See look how patient these cats are. This is how you must think when you are in line. Just relax. Pretend you're a cat waiting to be pet then -- miraculously, the line will move and you will be well taken care of by a man with a brush.

And while you're watching this, let me remind to you watch my show Sunday night at 10:00 p.m. I've ll have Ambassador Bolton on and I've got Senator Graham and I've got Gavin McKinnis and other stuff.

BOLLING: Very cool.

Was that the TSA line?

MEGAN: I think those cats were medicated.

WILLIAMS: That's what I think.

MEGAN: Somebody call PETA.

GUTLAND: I'm a medicated cat.

BOLLING: All right. Tonight after Kimberly's interview with Donald Trump, stay on Fox, because I'll be hosting the O'Reilly Factor. Last night we started a debate on inside the mind of ISIS. It went very well. Tonight, we're going to go deep dive into the strategy to beat ISIS, the refugee crisis and then which candidates are going to keep us safe, because ultimately, folks, that is what should be job number one for POTUS. And we'll figure out which one on the right will be best for that.

All right, Meghan, you're up?

MEGAN: My one more thing came on my Facebook page. I thought it was so amazing. Special education teacher Chris Omir (ph) begins each day at Keystone Academy in Jacksonville, Florida, by complimenting each of his special needs students for ten minutes.

(BEGIN VIDEO CLIP)

UNIDENTIFIED MALE: You're an amazing student. I love having you in my class.

BOY: Yes.

UNIDENTIFIED MALE: I think you're very funny.

BOY: Yes.

UNIDENTIFIED MALE: I think you're amazing.

BOY: Yes.

UNIDENTIFIED MALE: I think you are brilliant.

BOY: Yes.

UNIDENITIFIED MALE: I think everyone in here loves you.

BOY: Yes.

UNIDENTIFIED MALE: Great job.

(END VIDEO CLIP)

MEGAN: Chris Olmert is trying to build confidence and self-esteem for his young students. He has a book project called Special Books by Special Kids, which includes videos, illustrations and cartoons and stories that the students have actually written and put together along with their families.

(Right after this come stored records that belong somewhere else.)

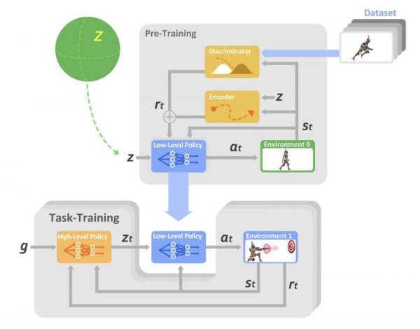 low-level policy可以为各种通用动作建模,根据Environment0定义的玩家习惯状态集可以实现挥剑、走路、冲刺、弯腰、射击等通用动作的训练。在目标训练期间: High-level policy w(z|s,g)被定义为以动作空间数据集s里面用为动作组合z作为变量实现目标g的一个映射,其中z=array(a)。通过High-level policy,已经学会Low-level policy的AI Being可以被指示执行各种特定任务,这些特定任务由Low-level policy里面的一组动作拼接连成。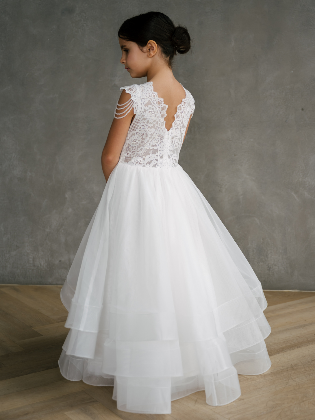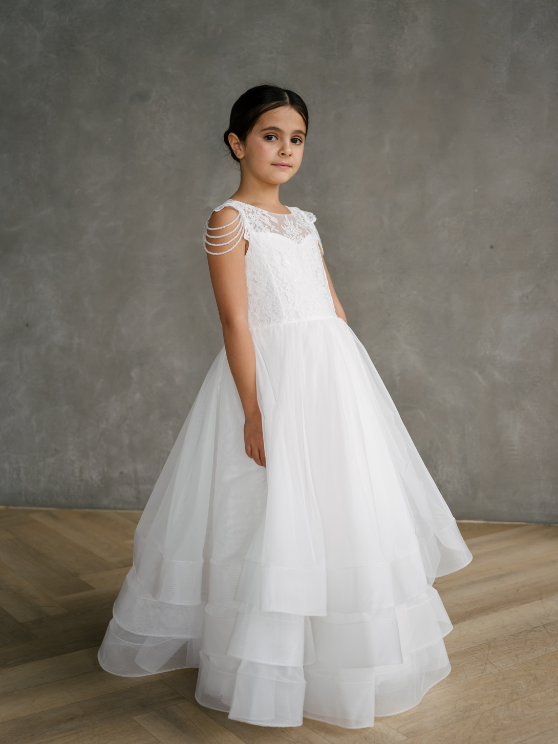Lorelai – Girl’s Pearl Shoulder Lace Horsehair Communion Gown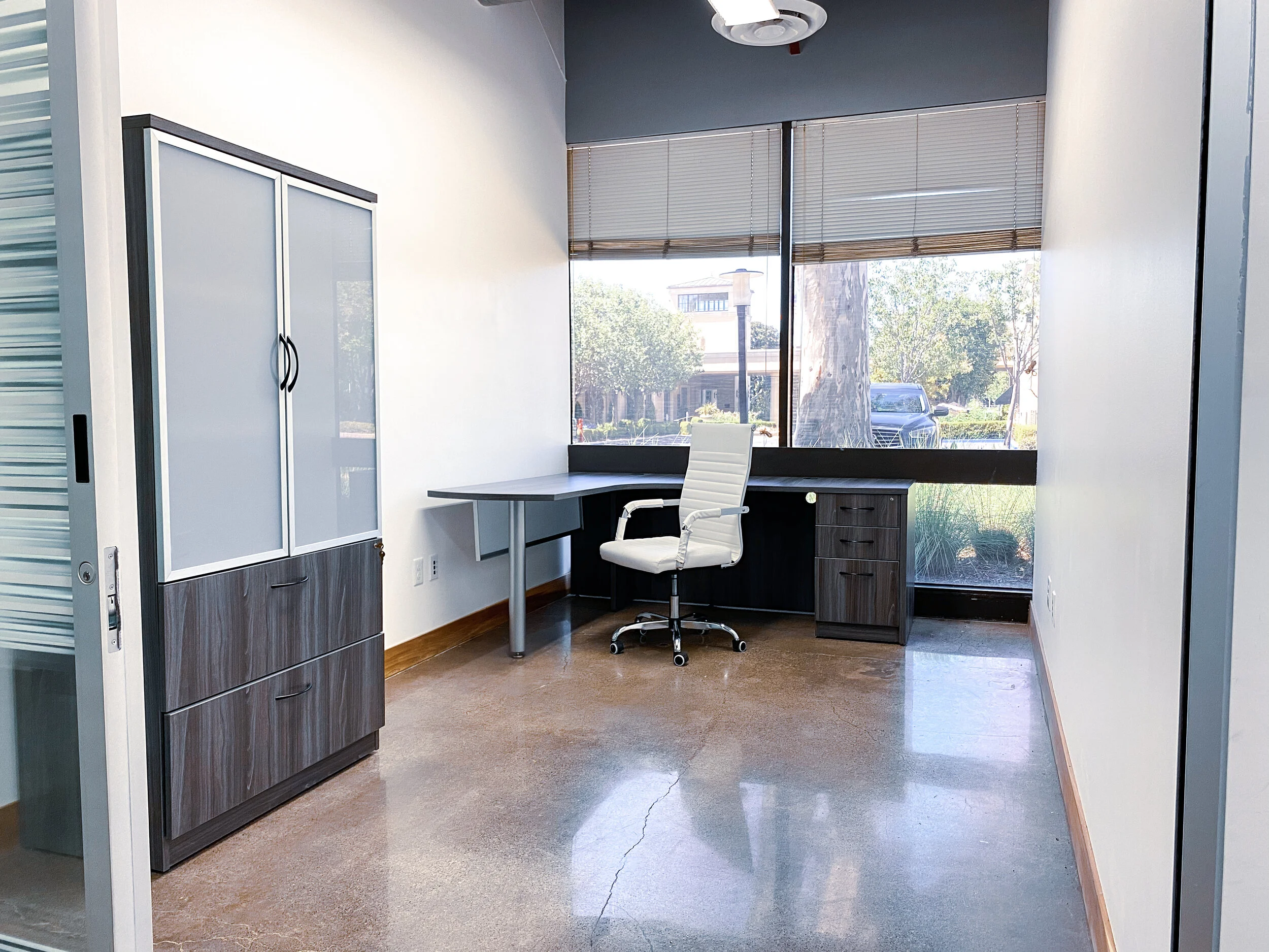 Empty office with a white desk, white office chair, black filing cabinet, and large windows with blinds, in a bright area with a polished concrete floor.

You can donate at the GoFundMe page SpecialBook@www.gofundme.com/specbooksspeckids. I just think people like this who work with special needs students are fantastic.

GUILFOYLE: And that building confidence translates to academic success.

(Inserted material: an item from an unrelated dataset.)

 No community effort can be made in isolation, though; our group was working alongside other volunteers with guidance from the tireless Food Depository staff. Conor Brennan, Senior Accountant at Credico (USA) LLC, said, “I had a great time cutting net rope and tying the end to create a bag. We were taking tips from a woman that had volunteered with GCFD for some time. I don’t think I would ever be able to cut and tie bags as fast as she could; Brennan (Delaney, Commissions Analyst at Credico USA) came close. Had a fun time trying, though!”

WILLIAMS: You know, Meghan, that was very nice. That was terrific.

The thing I worry about is Greg Gutfeld sitting at this table and I can hear him saying why is he giving those kids any positive -- what's going on in this country?

Anyway, back to -- here we go...

GUILFOYLE: Don't go off-script, Juan..

WILLIAMS: Astronaut Scott Kelly recently broke the record for most time in space. He's going to spend a year there.

But Sunday night and then Thursday morning he tweeted out pictures of the horizon from the Space Shuttle. And guess what, there was an object at the top right in both pictures, and it may be a reflection. But a lot of people are saying -- it's evidence of extra-terrestrial life. Aliens and UFOs.

BOLLING: It's you. You spend more time in space than anybody.

WILLIAMS: It could be.

BOLLING: Are you buying this...

MEGAN: Doesn't this explain a lot?

WILLIAMS: In other words, you are a denier.

But it won't work, brother, it won't work. I'm glad that Scott Kelly, we think the world of you. Thank you for sending us pictures.

BOLLING: And the globe is getting warmer.